À l’origine de ces chantiers, l’identification de trois «faiblesses» dans le système d’offre de soins. Un investissement trop léger dans la prévention, une séparation trop opaque entre les instances municipales, les hôpitaux et les centres médico-sociaux et la difficulté d’accéder aux soins sur certains territoires.

Les ministres ont expliqué leur volonté d’aboutir à une feuille de route générale pour une application des premières réformes au cours de l’année 2018. A cette fin, une large consultation doit être lancée entre mars et mai. «Je souhaite réunir autour d’une même table tous les professionnels de santé, de la ville, de l’hôpital, du médico-social, du public et du privé», indique Edouard Philippe, qui dit vouloir inclure les représentants des usagers dans la concertation. Une méthode consultative qui doit adresser en priorité les questions de l’organisation territoriale et du numérique de santé.

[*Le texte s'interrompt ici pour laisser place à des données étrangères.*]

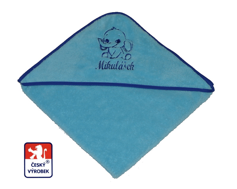Dětská usuška s kapucí má již v ceně: výšivku obrázku a výšivku jména dítěte.

Pour s’attaquer aux chantiers des ressources humaines et de la qualité et la pertinence des soins, Agnès Buzyn compte s’appuyer sur la Haute Autorité de Santé (HAS), dont elle fut présidente. Cette institution s’est vue confier la mission de proposer «des indicateurs de qualité des parcours qui portent sur les dix pathologies les plus fréquentes», précise la ministre, qui souligne que ces indicateurs seront «systématisés durant l’année 2019».

Madame Buzyn sollicite, en coordination avec l’HAS, l’Assurance maladie, les conseils nationaux professionnels des différentes spécialités et le Collège de médecine générale. Ces instances doivent lui soumettre des propositions pour améliorer les pratiques et les soins, «d’ici l’été 2018».  Pour les professionnels de santé, la Ministre souhaite « nourrir des perspectives de carrière diversifiées centrées sur le soin mais avec des accès à la recherche, à l’enseignement, au management »

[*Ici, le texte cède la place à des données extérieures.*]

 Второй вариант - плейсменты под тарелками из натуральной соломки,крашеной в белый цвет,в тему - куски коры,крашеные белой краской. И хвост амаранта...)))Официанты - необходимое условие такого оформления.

La ministre, enfin, veut mesurer la satisfaction des patients et souhaite que «les établissements [mènent] des enquêtes auprès des personnels sur leur perception du service rendu aux patients».

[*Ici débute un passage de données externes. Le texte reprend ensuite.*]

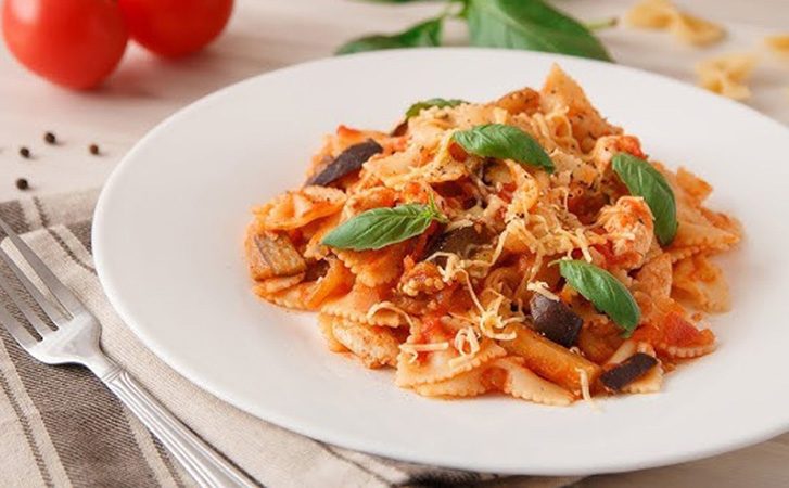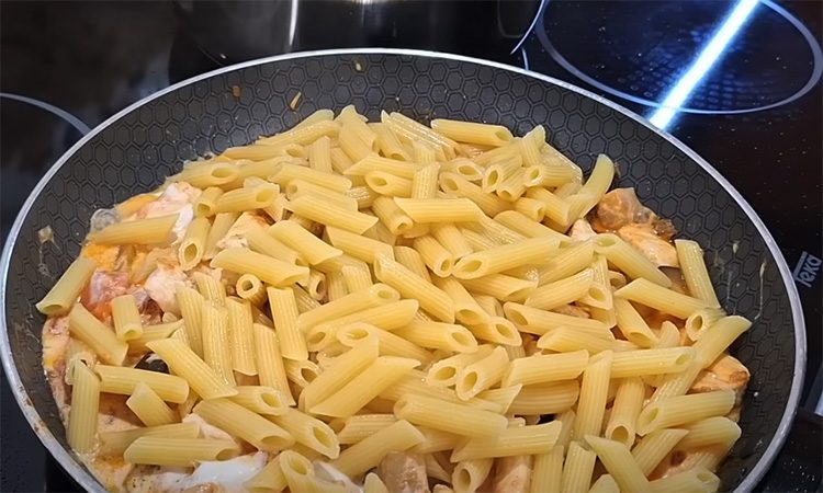 Паста с курицей и баклажанами в сметанном соусе наверняка станет одним из ваших любимых вариантов быстрого ужина. Тонкость вкуса здесь в том, что макароны доходят до готовности прямо в овощах и соусе, впитывая вкус лука, чеснока, помидоров и специй. Благодаря этому блюдо получается ароматным, сочным и особенно гармоничным по вкусу.

Dernier mais pas des moindres, le chantier du financement est à l’origine d’inquiétudes de la part des acteurs des secteurs sanitaires et du paramédical. Le Premier ministre a salué «l’hôpital [qui] a largement contribué à la régulation» des dépenses. Ce même hôpital doit toutefois maintenant être soumis à l’article 51 de la loi de financement de la sécurité sociale. Cet article permet de tester de nouveaux modes de rémunération. C’est donc un cadre expérimental qui va être mis en place. Le but : confier à une task force le soin de réfléchir à des modèles de financements, afin qu’une réforme «en profondeur, de la tarification des soins» soit, à terme, mise en place.

Annie Chapelier, députée (LREM) du Gard et Jean-Carles Grelier, député (LR) de la Sarthe ont été nommés co-présidents du groupe d’études sur professions paramédicales de l’Assemblée nationale. Il sont en charge de l’évolution des pratiques du secteur.

Anne Chapelier est infirmière anesthésiste de profession. Avant de rejoindre l’Assemblée nationale, elle a exercé en libéral, en tant qu’IBODE, en pédiatrie-néonatologie, et a enseigné en école AS.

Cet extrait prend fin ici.